Fig. 3: Neuronal subpopulations and cortical layers selectively affected in AD.

Average cell numbers per cluster per sample, comparing either controls and AD samples from donors heterozygotic for the common TREM2 allele (a; CtrlCV, sections from n = 6 brains; AlzCV, n = 18) or controls and AD samples homozygotic for the TREM2 common allele and those heterozygotic for R62H or R47H risk variants combined (c; CtrlCV, n = 6; CtrlTREM2, n = 6; AlzCV, n = 18; AlzTREM2, n = 13) or separately (e; CtrlCV, n = 6; CtrlTREM2, n = 6; AlzCV, n = 18; AlzR62H, n = 7; AlzR47H, n = 6).
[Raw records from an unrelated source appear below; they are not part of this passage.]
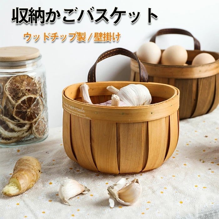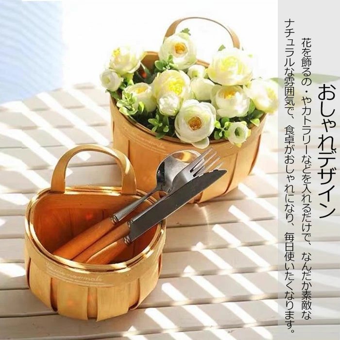 収納バスケット 天然素材 浅型ボックス 手編み 収納ケース カトラリーケース ウッドチップ製 キッチン収納☆2色/2サイズ選択/1点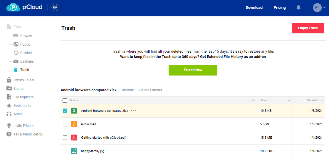 With pCloud, you get 30 days of trash support. This means that all your deleted files are stored in the Trash bin for 30 days.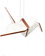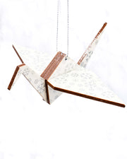 These light-weight origami cranes are handmade from laser-cut wood and Japanese chiyogami paper. They can hang as an ornament or be displayed on a desk/shelf. They are well sealed by hand for durability. Even though they are water resistant due to the many layers of sealant, please do not soak them in water or display outdoors. Displaying in areas with prolonged direct sun exposure may cause the colors to fade over time. The cranes are fragile and delicate parts may break if dropped on a hard surface, so please handle with care. These cranes will last for a long time with proper care.
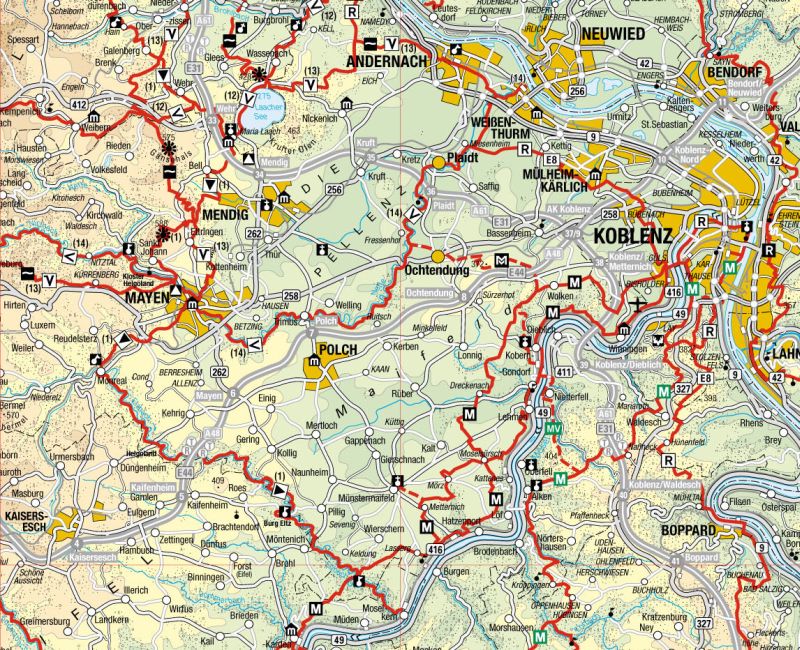 Vorderseite: Hauptwanderwege des Eifelvereins;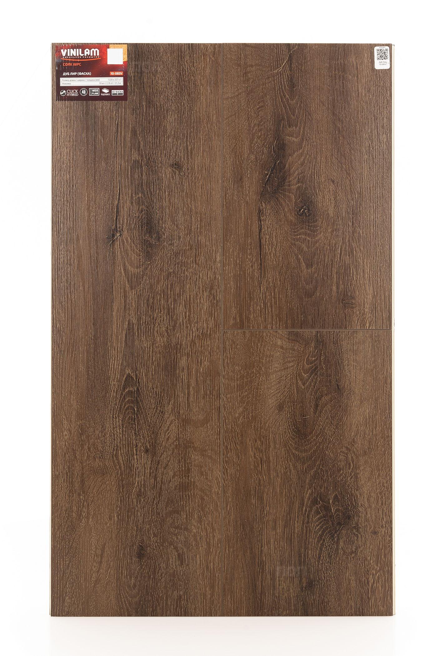SPC ламинат Vinilam Дуб Лир 10-085V - цена 4 099 руб. за квадратный метр. Это покрытие толщиной 7 мм, порода дерева - дуб, фаска с 4-х сторон. Гладкая поверхность SPC ламината имеет тёмный оттенок и матовый блеск. Для того, чтобы купить в Краснодаре SPC ламинат из коллекции Vinilam Cork Дуб Лир 10-085V, положите товар в корзину или свяжитесь с нами любым доступным способом. Товар есть в наличии.

Only clusters with significant differences in sizes between sample groups are shown. The density of cells (cell number/mm²) in each cortical layer (L1-6) from all clusters showing layer-specific vulnerabilities (distribution of all neuronal clusters shown in Figure S5.b), comparing either controls and AD samples carrying the common TREM2 allele (c; CtrlCV, n = 6; AlzCV, n = 18) or controls and AD samples homozygotic for TREM2 common allele and those heterozygotic for R62H or R47H risk variants combined (d; CtrlCV, n = 6; CtrlTREM2, n = 6; AlzCV, n = 18; AlzTREM2, n = 13) or considered separately (d; CtrlCV, n = 6; CtrlTREM2, n = 6; AlzCV, n = 18; AlzR62H, n = 7; AlzR47H, n = 6). Quantification was performed on three ROIs acquired from a single section of each sample and pooled together before performing statistical analyses between groups. Statistical significance was calculated with Dirichlet regression (a,c,e), two-sided Wilcoxon signed-rank test (b), or either ANOVA and two-sided Tukey tests or Kruskal–Wallis and two-sided Wilcoxon signed-rank test, depending on whether groups showed normal or non-normal distributions, respectively (d, f). Boxplots show median (middle line), interquartile range (box), and variability outside of the first and third quartile (lines extending from the box). P values are indicated as: non-significant, ns, p > 0.05; *p ≤ 0.05; **p ≤ 0.01; ***p ≤ 0.001; ****p ≤ 0.0001. Source data are provided as a Source Data file.